**What the task asks:**
Below are lines of records; copy exactly those from the one containing "6、当选择用其他应用打开时,会弹出应用选" through the one containing "6年生が中心となり、各班で自己紹介や短い遊びを行いました。", leaving the pictures behind.

(Beginning of Source material)

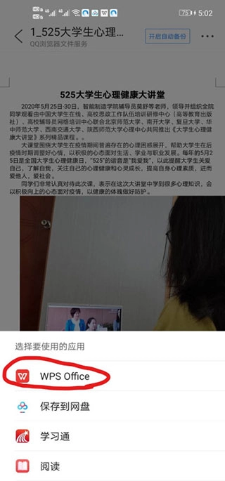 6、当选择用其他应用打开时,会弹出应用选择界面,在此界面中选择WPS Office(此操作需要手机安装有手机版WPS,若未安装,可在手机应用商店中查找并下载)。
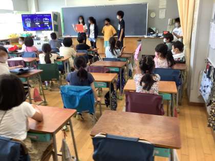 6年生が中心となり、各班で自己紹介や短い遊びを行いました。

(End of Source material)
(Beginning of Source material)

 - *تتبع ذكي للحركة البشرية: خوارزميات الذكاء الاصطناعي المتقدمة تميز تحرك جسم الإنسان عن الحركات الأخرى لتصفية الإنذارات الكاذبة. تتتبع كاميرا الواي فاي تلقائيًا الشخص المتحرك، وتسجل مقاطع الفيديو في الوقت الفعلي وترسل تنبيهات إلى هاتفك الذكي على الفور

(End of Source material)

**Output of the exercise:**
 6、当选择用其他应用打开时,会弹出应用选择界面,在此界面中选择WPS Office(此操作需要手机安装有手机版WPS,若未安装,可在手机应用商店中查找并下载)。
 6年生が中心となり、各班で自己紹介や短い遊びを行いました。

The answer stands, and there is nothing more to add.